AIM OF THE EXERCISE:
Transcribe exactly the lines from the one containing "La place a été" through the last line of the listing below, inclusive, and nothing beyond them.

SOURCE MATERIAL:
== Segment start ==

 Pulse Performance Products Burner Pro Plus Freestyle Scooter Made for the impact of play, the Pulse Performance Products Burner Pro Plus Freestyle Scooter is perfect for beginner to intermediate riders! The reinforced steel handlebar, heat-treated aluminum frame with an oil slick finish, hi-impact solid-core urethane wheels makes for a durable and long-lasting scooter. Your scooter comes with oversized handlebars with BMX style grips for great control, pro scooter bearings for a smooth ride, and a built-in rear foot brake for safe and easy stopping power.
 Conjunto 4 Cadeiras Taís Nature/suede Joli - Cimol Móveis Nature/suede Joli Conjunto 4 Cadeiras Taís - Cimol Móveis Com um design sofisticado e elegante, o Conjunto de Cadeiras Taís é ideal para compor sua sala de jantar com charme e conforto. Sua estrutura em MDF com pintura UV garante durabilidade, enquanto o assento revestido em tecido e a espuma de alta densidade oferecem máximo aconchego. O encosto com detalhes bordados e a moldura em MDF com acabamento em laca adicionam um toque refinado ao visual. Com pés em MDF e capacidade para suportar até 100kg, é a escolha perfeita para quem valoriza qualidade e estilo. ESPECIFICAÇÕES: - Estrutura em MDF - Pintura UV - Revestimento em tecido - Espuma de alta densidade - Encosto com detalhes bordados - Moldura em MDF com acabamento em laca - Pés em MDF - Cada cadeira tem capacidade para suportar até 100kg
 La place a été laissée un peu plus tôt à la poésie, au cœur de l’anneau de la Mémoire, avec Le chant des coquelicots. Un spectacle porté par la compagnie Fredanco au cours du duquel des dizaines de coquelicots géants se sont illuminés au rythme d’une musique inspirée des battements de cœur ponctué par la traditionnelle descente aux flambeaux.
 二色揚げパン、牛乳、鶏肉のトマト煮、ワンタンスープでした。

== Segment end ==

ANSWER:
 La place a été laissée un peu plus tôt à la poésie, au cœur de l’anneau de la Mémoire, avec Le chant des coquelicots. Un spectacle porté par la compagnie Fredanco au cours du duquel des dizaines de coquelicots géants se sont illuminés au rythme d’une musique inspirée des battements de cœur ponctué par la traditionnelle descente aux flambeaux.
 二色揚げパン、牛乳、鶏肉のトマト煮、ワンタンスープでした。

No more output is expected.